The governor of Louisiana has commissioned an official health study to examine cancer rates in Reserve amid criticisms of current data. The local school board has begun examining whether to close an elementary school that sits a few hundred feet from the plant.

Much of the long-term outcome from this battle lies in the results of two elections. The first, the race for Louisiana’s next governor, will be decided on Saturday. The conservative Democratic incumbent, John Bel Edwards, who despite being a petrochemical industry backer has inched towards action in Reserve, faces off against a Trump-endorsed Republican, Eddie Rispone, who has expressed no interest in the community here.

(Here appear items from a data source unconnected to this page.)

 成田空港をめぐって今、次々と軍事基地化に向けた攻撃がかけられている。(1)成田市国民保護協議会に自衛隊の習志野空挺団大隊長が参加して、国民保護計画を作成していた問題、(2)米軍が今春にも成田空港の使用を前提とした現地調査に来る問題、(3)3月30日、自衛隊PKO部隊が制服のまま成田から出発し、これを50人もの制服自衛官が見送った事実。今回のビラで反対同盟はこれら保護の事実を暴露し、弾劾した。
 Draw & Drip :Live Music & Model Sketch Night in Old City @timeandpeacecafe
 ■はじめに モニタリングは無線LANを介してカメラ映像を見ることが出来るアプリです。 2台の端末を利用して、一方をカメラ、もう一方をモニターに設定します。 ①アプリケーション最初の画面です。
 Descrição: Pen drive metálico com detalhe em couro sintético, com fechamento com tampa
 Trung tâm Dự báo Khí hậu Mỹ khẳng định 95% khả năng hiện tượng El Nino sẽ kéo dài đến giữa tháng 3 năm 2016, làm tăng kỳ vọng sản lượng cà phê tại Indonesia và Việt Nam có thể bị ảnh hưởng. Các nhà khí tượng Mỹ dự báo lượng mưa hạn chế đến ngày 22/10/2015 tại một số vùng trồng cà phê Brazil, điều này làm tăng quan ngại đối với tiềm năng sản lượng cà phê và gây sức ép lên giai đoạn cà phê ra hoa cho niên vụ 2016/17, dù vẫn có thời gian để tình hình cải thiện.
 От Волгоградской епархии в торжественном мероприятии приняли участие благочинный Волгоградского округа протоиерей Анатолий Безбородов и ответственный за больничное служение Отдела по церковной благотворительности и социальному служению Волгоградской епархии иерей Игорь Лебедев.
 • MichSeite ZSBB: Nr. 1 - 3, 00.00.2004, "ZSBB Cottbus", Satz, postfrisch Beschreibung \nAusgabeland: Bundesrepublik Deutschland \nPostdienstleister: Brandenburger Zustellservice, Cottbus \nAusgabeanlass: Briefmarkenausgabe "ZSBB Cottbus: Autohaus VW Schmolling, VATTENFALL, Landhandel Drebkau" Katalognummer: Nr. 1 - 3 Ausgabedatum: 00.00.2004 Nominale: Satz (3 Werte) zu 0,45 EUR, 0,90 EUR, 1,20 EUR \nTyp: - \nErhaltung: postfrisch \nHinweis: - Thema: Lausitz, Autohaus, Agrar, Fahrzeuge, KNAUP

The second is the presidential election next year. The Trump presidency has already spelled disaster for environmental causes in the US, with the rolling-back of dozens of protections and a decision to withdraw from the Paris climate agreement. Four more years will almost certainly lead to further damage in Reserve.

Irrespective of the results, the Guardian is committed to covering what happens next in Cancer Town. To telling the stories of those who have lost loved ones to disease they link to emissions from the plant. To report stories showing the consequences of loose and poorly enforced environmental law along with its deep connections to race and economic inequality in this region. And to hold politicians accountable for inaction.

Our reporting here has drawn us into the community’s struggle. And we are thankful to the residents who have invited us into their homes and told us intimate details about their own health and the devastation they have felt losing loved ones to cancer.

I often think of the words of Robert Taylor, a leading community activist in Reserve who has lived here his whole life. Taylor has lost his mother, sister and nephews to cancer, his wife is currently fighting the disease, and his daughter is battling a rare intestinal disease linked to chloroprene.

“I still can’t believe that this one community could be asked to suffer this much, merely for the profit of these foreign corporations,” he told us. “What kind of people are they to knowingly wipe out a whole community of people for profit?”